═════ EXTRACTED DATA ═════

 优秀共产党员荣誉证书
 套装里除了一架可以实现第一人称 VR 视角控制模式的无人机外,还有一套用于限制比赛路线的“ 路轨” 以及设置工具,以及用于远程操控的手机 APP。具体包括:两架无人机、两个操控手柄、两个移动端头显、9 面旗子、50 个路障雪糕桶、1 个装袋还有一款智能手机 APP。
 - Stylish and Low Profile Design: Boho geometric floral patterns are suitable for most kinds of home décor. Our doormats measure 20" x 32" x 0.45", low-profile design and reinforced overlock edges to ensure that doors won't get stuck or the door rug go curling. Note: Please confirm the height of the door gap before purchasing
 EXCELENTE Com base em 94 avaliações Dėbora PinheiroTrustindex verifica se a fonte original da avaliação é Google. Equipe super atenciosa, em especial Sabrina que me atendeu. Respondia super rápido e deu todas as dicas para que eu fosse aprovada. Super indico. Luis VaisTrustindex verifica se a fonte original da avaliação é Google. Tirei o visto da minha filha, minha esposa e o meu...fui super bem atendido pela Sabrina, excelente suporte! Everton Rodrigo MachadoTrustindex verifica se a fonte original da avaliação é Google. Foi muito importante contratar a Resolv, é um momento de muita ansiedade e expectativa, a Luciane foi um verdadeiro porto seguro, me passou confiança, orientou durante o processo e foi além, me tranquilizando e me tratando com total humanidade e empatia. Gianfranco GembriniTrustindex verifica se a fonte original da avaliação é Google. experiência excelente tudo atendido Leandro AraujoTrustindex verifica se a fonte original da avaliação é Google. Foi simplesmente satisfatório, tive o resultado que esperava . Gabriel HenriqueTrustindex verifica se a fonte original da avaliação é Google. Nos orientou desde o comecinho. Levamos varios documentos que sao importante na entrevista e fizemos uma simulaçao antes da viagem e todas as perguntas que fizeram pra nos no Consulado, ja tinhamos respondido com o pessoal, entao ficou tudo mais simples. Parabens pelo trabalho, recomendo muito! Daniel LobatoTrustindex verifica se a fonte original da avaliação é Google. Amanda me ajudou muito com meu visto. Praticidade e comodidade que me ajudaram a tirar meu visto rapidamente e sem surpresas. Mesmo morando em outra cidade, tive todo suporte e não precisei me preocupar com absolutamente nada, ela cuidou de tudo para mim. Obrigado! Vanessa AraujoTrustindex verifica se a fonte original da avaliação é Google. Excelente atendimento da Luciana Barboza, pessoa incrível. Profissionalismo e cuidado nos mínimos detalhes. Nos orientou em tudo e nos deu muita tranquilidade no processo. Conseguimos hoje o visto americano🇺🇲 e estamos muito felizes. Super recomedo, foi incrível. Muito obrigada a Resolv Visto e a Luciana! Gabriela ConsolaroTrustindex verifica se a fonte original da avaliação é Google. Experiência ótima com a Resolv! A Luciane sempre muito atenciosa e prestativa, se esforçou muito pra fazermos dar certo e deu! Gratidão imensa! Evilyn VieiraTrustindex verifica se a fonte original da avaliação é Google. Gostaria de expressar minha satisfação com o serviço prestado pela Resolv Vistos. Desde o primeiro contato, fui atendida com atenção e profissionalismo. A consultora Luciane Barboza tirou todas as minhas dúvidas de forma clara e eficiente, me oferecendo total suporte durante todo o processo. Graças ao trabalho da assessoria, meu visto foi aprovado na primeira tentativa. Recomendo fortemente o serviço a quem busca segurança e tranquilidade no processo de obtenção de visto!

═════
═════ EXTRACTED DATA ═════

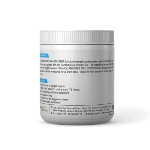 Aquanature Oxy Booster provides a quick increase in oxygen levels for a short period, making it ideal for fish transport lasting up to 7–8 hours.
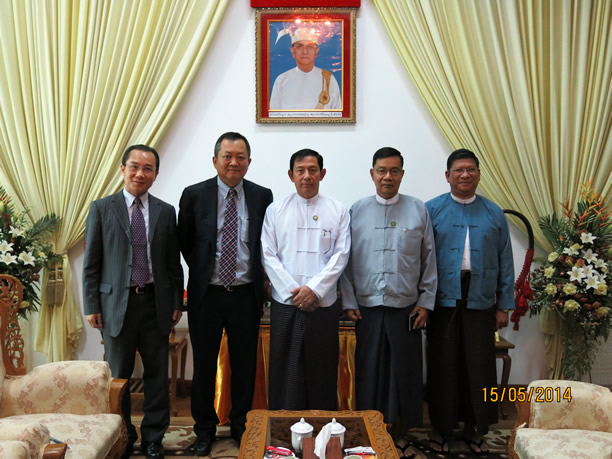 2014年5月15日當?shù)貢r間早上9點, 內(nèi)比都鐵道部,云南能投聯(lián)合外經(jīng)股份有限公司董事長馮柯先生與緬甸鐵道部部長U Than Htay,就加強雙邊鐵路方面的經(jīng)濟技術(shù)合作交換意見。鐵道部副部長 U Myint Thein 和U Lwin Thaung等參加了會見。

═════
═════ EXTRACTED DATA ═════

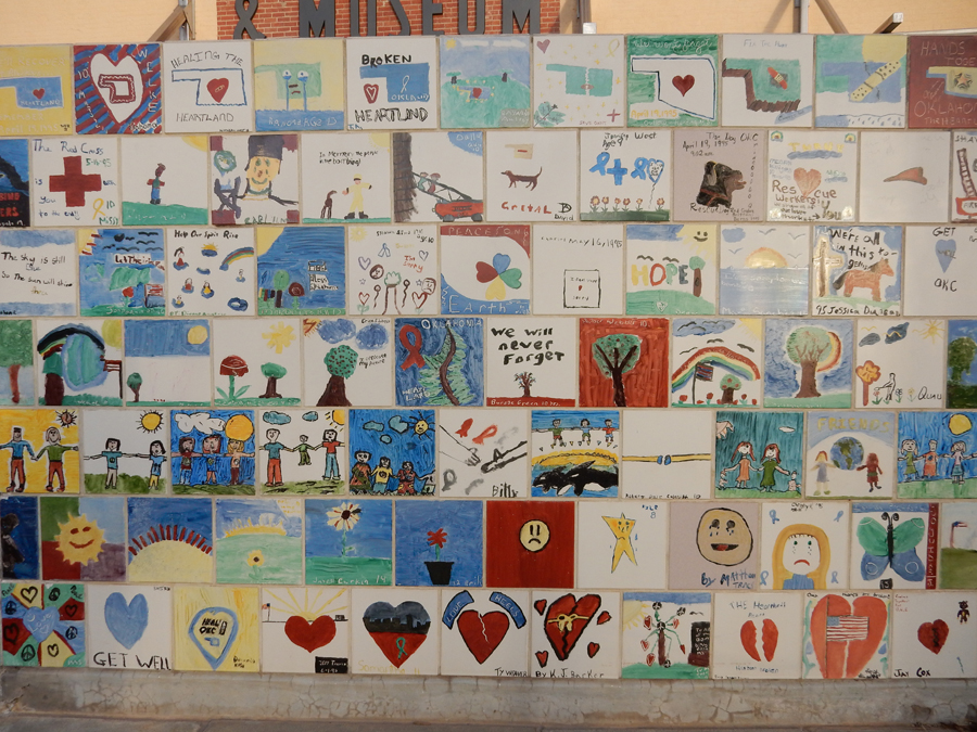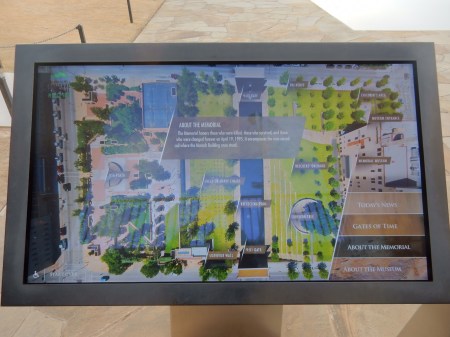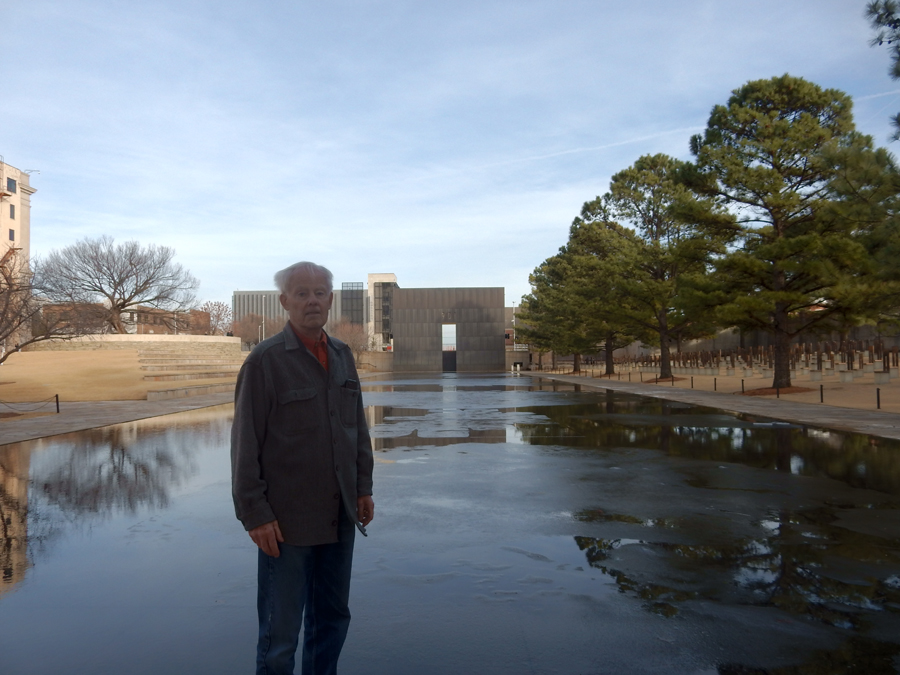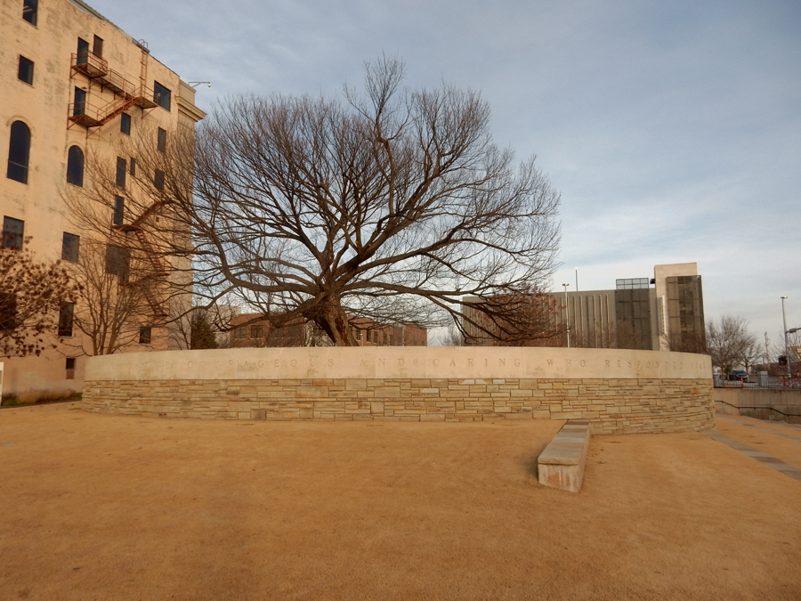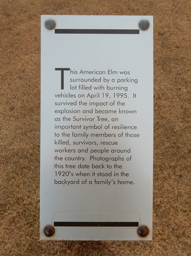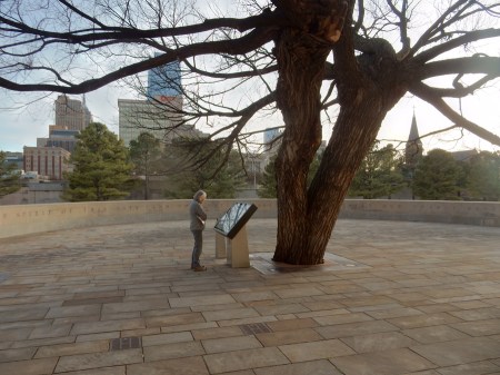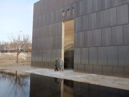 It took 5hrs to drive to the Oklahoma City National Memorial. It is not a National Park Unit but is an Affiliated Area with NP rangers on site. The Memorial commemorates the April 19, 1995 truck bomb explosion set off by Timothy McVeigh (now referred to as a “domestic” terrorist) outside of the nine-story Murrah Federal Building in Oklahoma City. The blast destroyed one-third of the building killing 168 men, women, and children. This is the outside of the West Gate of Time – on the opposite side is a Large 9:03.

═════

_WHAT YOU HAVE TO DO_
Once the line with "Aquanature Oxy Booster" is found above, print it and every line after it through the line with "和U Lwin Thaung等參加了會見。", exactly. Pictures stay out.

_RESULT FOR THIS EXERCISE_
 Aquanature Oxy Booster provides a quick increase in oxygen levels for a short period, making it ideal for fish transport lasting up to 7–8 hours.
 2014年5月15日當?shù)貢r間早上9點, 內(nèi)比都鐵道部,云南能投聯(lián)合外經(jīng)股份有限公司董事長馮柯先生與緬甸鐵道部部長U Than Htay,就加強雙邊鐵路方面的經(jīng)濟技術(shù)合作交換意見。鐵道部副部長 U Myint Thein 和U Lwin Thaung等參加了會見。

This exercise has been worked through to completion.